France Strives To Rejuvenate Its Past Glory

FRANCE is bidding for a more secure place as a global power - and not just by exploding nuclear bombs beneath South Pacific lagoons.

As the Pacific world condemned France's second nuclear test Oct. 1, diplomats in the African world quietly called on France to intervene in the Comoros, where French mercenary Bob Denard had just toppled his third regime.

The Bomb and the mercenary were standard issue for great powers in the bad old days of the cold war. But they are a heavy legacy for a nation that would rather be known for the high quality of its culture and its humanity.

France today also faces tough economic competition from the United States, Germany, and Japan while battling double-digit unemployment and enduring high tax rates.

What is France doing to stay in the game as a world power?

* French nuclear tests are intended to confirm France's viability as a nuclear power, its leaders say. The purpose of that power is not national glory, but to ensure the defense of Europe, they claim.

* With the launch of the Helios satellite July 7, France has cracked an American monopoly on military reconnaissance from space.

* Despite tight budgets, leaders plan to spend billions to extend France's cultural reach in the world, mainly to counter the spread of American culture.

For French voters, who for the last 20 years have cited jobs as their No. 1 concern, the cost of paying for such a world role is high. Voters are already registering doubts about their nation's course in the polls. President Jacques Chirac's approval rating - now only 33 percent - has dropped faster than that of any president in modern French history.
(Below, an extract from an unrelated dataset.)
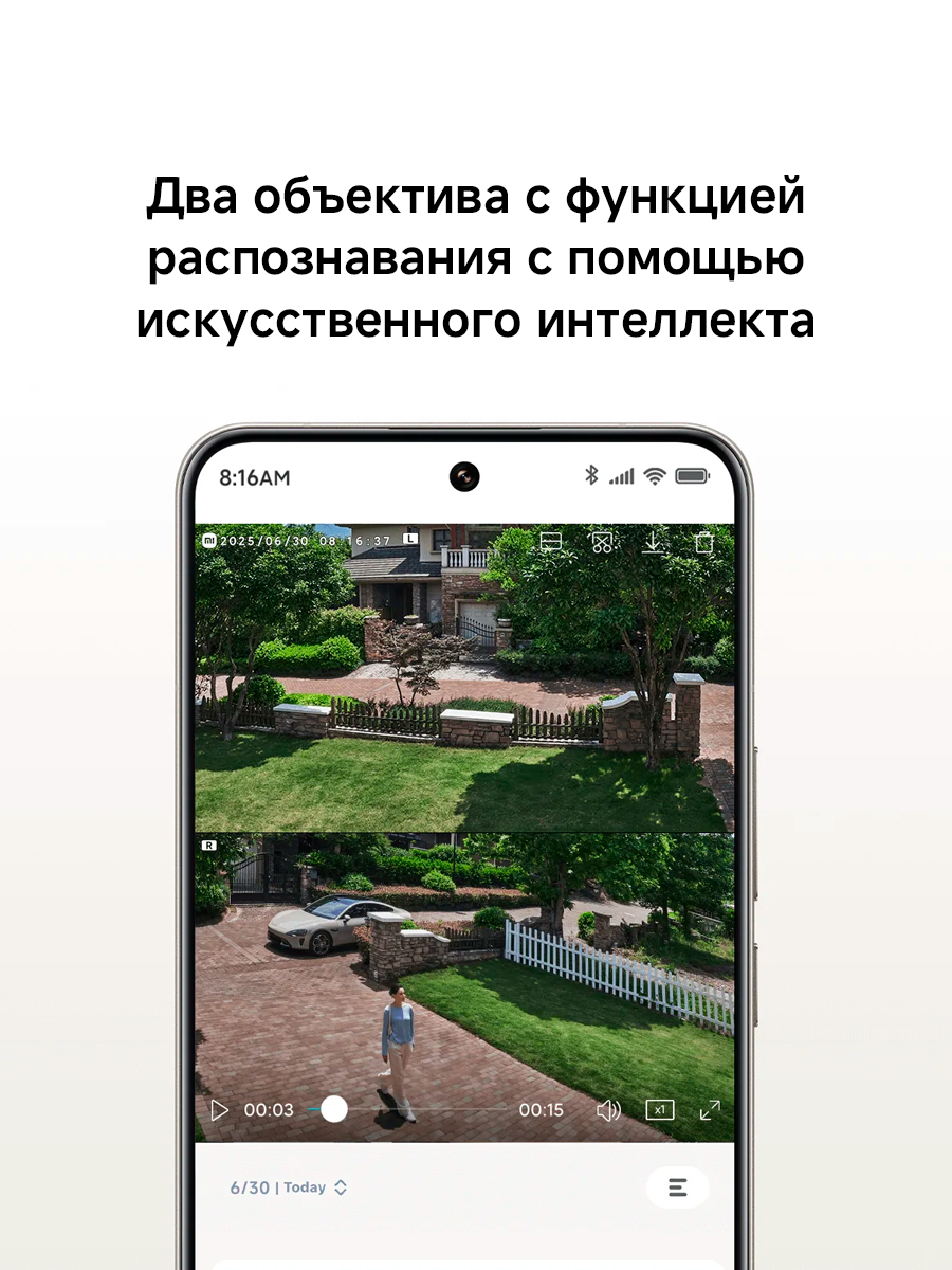 Xiaomi Outdoor Camera CW100 Dual — это надежная уличная IP-камера с двумя объективами, объединяющая широкоформатное наблюдение и AI-распознавание для максимальной безопасности вашего дома. С разрешением 3 МП (2304×1296) и поддержкой кодека H.265 вы получите четкое изображение даже в условиях слабой освещённости, при этом экономя память. Двусторонняя аудиосвязь, светодиодная и инфракрасная подсветка обеспечивают активное реагирование, а функционал обнаружения людей и транспорта предотвращает проникновения. Устойчивая к атмосферным воздействиям конструкция IP66, диапазон −30…+60 °C и гибкие варианты хранения (microSD, NAS, облако) делают CW100 Dual идеальной камерой для круглогодичного наблюдения.
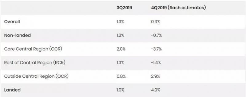 由市建局公布的2019年第四季度私人住宅价格预估显示,整体住宅价格指数的增长速度放缓:2019年第四季度环比增长0.3% q-o-q,而2019年第三季度为1.3%。

But Mr. Chirac doesn't face reelection for seven years and seems prepared to ride out the storm.

''France would not be France without grandeur,'' said former French President Charles de Gaulle in his World War II memoirs - a theme Chirac often invokes.

Grandeur a la Europe

The nuclear bomb was the centerpiece of De Gaulle's bid for global power for France in the 1960s. Today's French leaders insist it still is.

''The mastery of nuclear arms has allowed our nation to play a more important role in the world than could have been expected from simple arithmetic,'' Prime Minister Alain Juppe told French defense experts Sept. 7.

''Our influence on the [United Nations] Security Council, as a permanent member, is an illustration, even if the choice of the five wasn't originally made according to nuclear criteria,'' he added.

When the French president announced his decision to resume testing, he described it as an issue of national security and sovereignty.

But as international protests over French tests intensified, the argument shifted to a need for a credible deterrent for Europe, including a proposal to ''Europeanize'' the French bomb.

''One consequence of the opposition to nuclear tests has been to push France to be more European,'' says Philippe Moreau Defarges, an analyst at the Paris-based French Institute of International Relations.

As long as nuclear weapons exist in the world, Europe will need a deterrent - and France can provide it, Mr. Juppe said two days after the first nuclear test on Sept. 5.

Germans, he says, must consider the following question: ''What can France bring [to the defense of Europe] that Germany does not already possess, thanks to the American nuclear deterrent?''

One answer to this question is France's July 7 launch of the Helios military-observation satellite. The $2 billion spy in the sky project, in which Italy and Spain are junior partners, gives France a close look at the same sheds and silos that American satellites pick up.

''Helios is at least as important as nuclear tests,'' says Paris-based defense analyst Paul Marie de La Gorce. ''Military intelligence is the basis of everything. In a time of world crisis, you need to know who is doing what. You cannot economize on this point.

''In Chad, and in the Gulf war, we found out that we did not have independent sources of information,'' he adds, referring to the 1983 deployment of some 3,000 French troops to Chad. In both conflicts, American satellite surveillance played a key role.

Another example: Bosnia. Had the US decided to no longer enforce the arms embargo in Bosnia, Europeans could have been left without the surveillance intelligence they needed to enforce it themselves.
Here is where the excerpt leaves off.